Нам нужно начать классифицировать случаи использования слова “природа” в пьесе. Каковы его различные значения? Во-первых, природа — это врожденный нрав каждого человеческого существа и, во-вторых, это нечто истинно человеческое. Два этих значения могут быть сопоставлены в одном и том же персонаже, например, когда ужасный в гневе Лир называет дочерей “презревшими природу ведьмами” (II.4). Третье значение природы — инстинкт, вступающий в противоречие с общественными законами (например, Эдмунд как “природный” сын), а также инстинкт и воля, противопоставленные условностям. Четвертое значение воплощено в “естественном”, слабоумном шуте, также задуманном как антитеза условностям. В Эдмунде, однако, закону противостоят и воля, и разум. Шут, лишенный дара рассудка, не осознает значения социальных законов и потому часто говорит правду в глаза. И шут, и Эдгар по-разному выражают одно и то же значение “естественности”, “природности”. Пятое значение — это олицетворенная сила, придающая форму материи, как в обращенной к Гонерилье анафеме Лира. Шестое значение природы — это физическое существование, противопоставленное людским желаниям: именно такой смысл несут жестокие слова Реганы, говорящей отцу, что он стар и умирает, что в нем “Природа … идет / К пределу” (II.4).
В “Короле Лире” нет природы в значении неорганической материи, противостоящей человеческому сознанию. Такая природа подразумевается в буре, однако персонажи именуют ее Небом, стихией. В чем причина грома? — вопрошает Лир, — гром не воспринимается им как природа. Какова космология “Короля Лира”? Лир говорит о богах, “гремящих над нами в вышине” (III.2), а Глостер восклицает: “Мы для богов — что для мальчишек мухи: / Нас мучить — им забава” (IV.1). Эдмунд рассуждает о природе, суеверный Глостер — о звездах, и Кент в известном смысле тоже говорит о звездах.

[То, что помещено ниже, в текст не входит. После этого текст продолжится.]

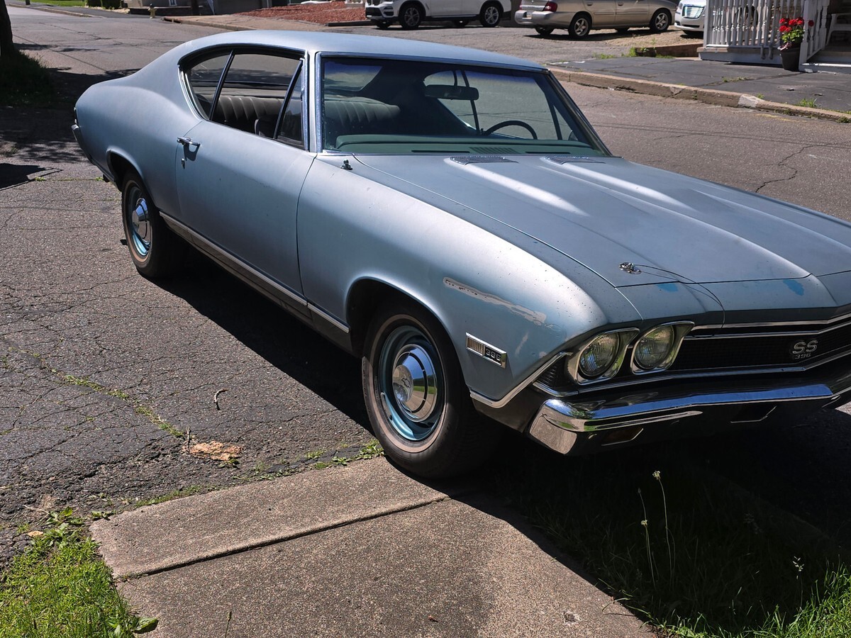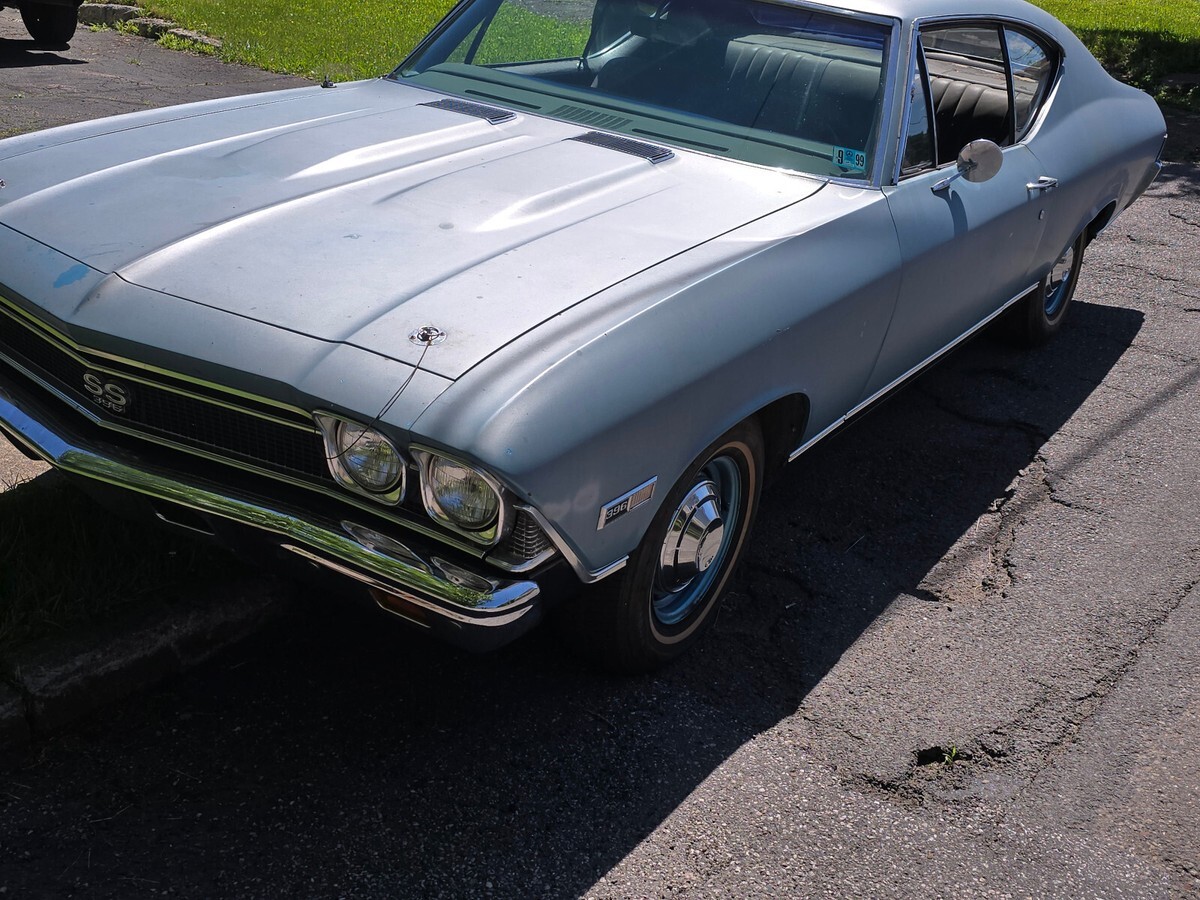 THIS IS A 1968 CHEVY CHEVELLE SS. A RUNNING DRIVING 396 L34 V8 BIG BLOCK MUNCIE 4 SPEED 12 BOLT 3:31 POSI REAR. POWER DISC BRAKES NON AIR, MANUAL STEERING BUCKET SEAT WITH CONSOLE IN DASH ROLL TACH FACTORY 8 TRACK CAR IS 90% ORIGINAL. A GOOD SOLID CAR THAT DOES HAVE SHOWING USE AS IT WAS A DAILY DRIVER FRESH TUNE UP All ALL FILTERS, OIL AND NEW BATTERY. NEEDS TIRES SO IT WILL NEED TO BE TOWED OR A STOP AT OUR LOCAL TIRE STORE. NOT MANY SLEEPERS LIKE THIS ONE LEFT.MESSAGE ME WITH ANY QUESTIONS OR NEEDS.tHANK YOU FOR LOOKING!!!!!!!!!!

Подлинный контрапункт пьесы — в мире страстей, в противопоставлении человеческой природы стихии, физическому миру вселенной. Буря бесконечно сильнее человека, но она скоротечна. Буря безжалостна, но безвинна. В ней нет злобы, буря не стремится быть чем-либо кроме бури. С другой стороны, несчастная, нагая, двуногая тварь — человек, испытывает безграничное желание безмерного же величия, пытаясь стать тем, что он не есть. Паскаль в “Мыслях” задается вопросом: “Ибо что в действительности есть человек по сравнению с природой? Ничто, сопоставленное с бесконечностью, и в то же время Всё сущее, сопоставленное с Пустотой, то есть нечто среднее между ничтожным и всецелым. … он в равной степени неспособен узреть то Ничто, из которого был сотворён, и ту Бесконечность, что его поглощает”.

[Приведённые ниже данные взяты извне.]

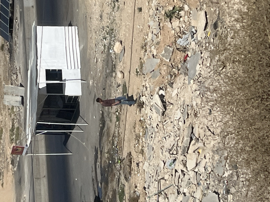 The image depicts an outdoor scene in Al Qutayfah, Syria, under daylight conditions. In the foreground, the ground is covered with a dense layer of light-colored rubble, fragmented concrete, and scattered debris. Sparse, dry vegetation is visible at the very bottom. In the midground, a lone adult male is walking across an uneven dirt path, moving from right to left. He is dressed in a long-sleeved reddish-brown shirt and blue jeans, with his head tilted downwards. The ground around him consists of packed dirt with small stones and incidental trash. In the background, a small, white, freestanding structure with a flat, light-colored roof supported by several white poles is situated on a paved surface. A red and yellow rectangular sign is affixed to one of the front support poles. Behind this structure, a dark asphalt road is visible, bordered by a low concrete barrier. Further back and to the right, a series of dark rectangular solar panels are installed on a higher, arid patch of ground. The distant background features light-colored, barren hills under what appears to be a bright sky, although the sky itself is not visible.
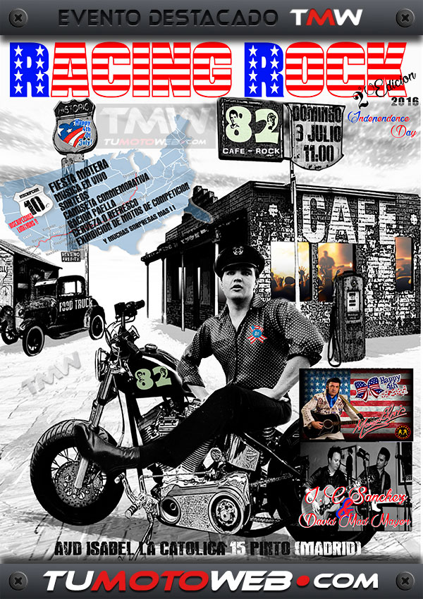 Domingo 3 de Julio: 11:00h Vive junto con la mejor compañía una Fiesta Motera por todo lo alto. Música en directo de la mano del inigualable Marcos Elvis y su peculiar tributo al Rey. También contaremos con el famoso JC Sánchez y su increíble voz que vendrá acompañado de David Mad Mayer, y nos deleitaran con su inmejorable Rock. Fenomenal encuentro biker, paella, regalos, sorteos, exhibición motos de competición, increíbles coches, camiseta conmemorativa, food truck con hamburguesas, perritos calientes, deliciosos gofres. Todo esto y muchas sorpresas más te esperan en el II Racing Rock 82 Happy 4th of July 2016..!!

“Весь видимый мир, — говорит Паскаль, — лишь мельчайший атом в бездонных глубинах природы. Ни одно понятие не может охватить её. Пусть мы расширим наши понятия до невообразимых пределов — по сравнению с действительностью мироздания мысли человека будут только атомами. Мир есть безмерная сфера, центр которой везде, окружность — нигде. … пусть же человек задумается о себе в сравнении со всем сущим; пусть увидит себя заброшенным в этот отдалённейший уголок природы, и оттуда, из клетушки, в которой он пребывает, я разумею вселенную, пусть он назовёт цену земле, царствам, городам и самому себе. Что есть человек в бесконечности?”
“Un roseau qui pense” , — отвечает Паскаль. — “Человек не более чем тростинка, самая хрупкая вещь в природе; но он — мыслящий тростник. Чтобы сокрушить его, вселенной нет нужды собирать армию. Чтобы убить его достаточно капли воды, глотка тумана. Однако даже если бы вселенная решила уничтожить его, человек и тогда был бы благороднее того, что его убивает, ибо он знает, что умирает, и сознаёт то превосходство, которое имеет перед ним вселенная; вселенной же об этом ничего не известно.

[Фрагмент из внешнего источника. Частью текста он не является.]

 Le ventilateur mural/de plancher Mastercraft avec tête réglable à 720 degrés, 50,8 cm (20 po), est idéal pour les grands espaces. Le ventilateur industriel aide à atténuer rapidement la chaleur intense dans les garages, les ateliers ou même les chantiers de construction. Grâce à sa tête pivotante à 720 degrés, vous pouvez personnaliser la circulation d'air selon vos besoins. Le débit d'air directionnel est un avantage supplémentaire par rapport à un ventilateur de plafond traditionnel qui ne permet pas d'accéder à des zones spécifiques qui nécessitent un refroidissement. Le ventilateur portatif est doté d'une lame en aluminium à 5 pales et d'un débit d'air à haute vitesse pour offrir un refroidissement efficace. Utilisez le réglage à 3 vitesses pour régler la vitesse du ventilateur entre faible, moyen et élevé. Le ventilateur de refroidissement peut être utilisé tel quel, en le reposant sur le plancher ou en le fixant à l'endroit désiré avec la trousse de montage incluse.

Потому всё наше достоинство состоит в мысли. И возвышать себя мы должны ею, мыслью, а не пространством и временем, которые не в силах заполнить.”
Рассмотрим “Короля Лира” в свете концепции Паскаля о том, что человеческое существо величественнее вселенной, ибо обладает разумом и волей. Чего желают персонажи пьесы? В чем контраст между их природой, их положением в обществе и социальными функциями? Лир желает абсолютной власти и требует безграничной любви от других. Он — отец и король, и у него власть. Власть Лира проистекает из его природы и королевского достоинства. Он по собственной воле расстается с престолом. Он все еще король сообразно природной власти, однако по своему социальному положению он превратился в подданного. Его выводят из терпения, и он отдается страстям; при этом королевское достоинство вступает в острейшее противоречие с телом старого, немощного мужчины, заблудившегося в объятой бурей степи. Теперь его природа — как у ребенка, и в социальном плане он превращается в отца-дитятю Корделии. Две злые дочери поначалу, быть может, и не испытывают безграничных желаний, а только стремятся избавиться от отцовского гнета, но, получив свободу, они подпадают под власть бесконечного, маниакального желания творить собственную волю, что толкает их на убийство, а в конце концов приводит их к гибели — в последнем акте Регана умирает от яда, а Гонерилья кончает с собой. В душе обе они — волчицы.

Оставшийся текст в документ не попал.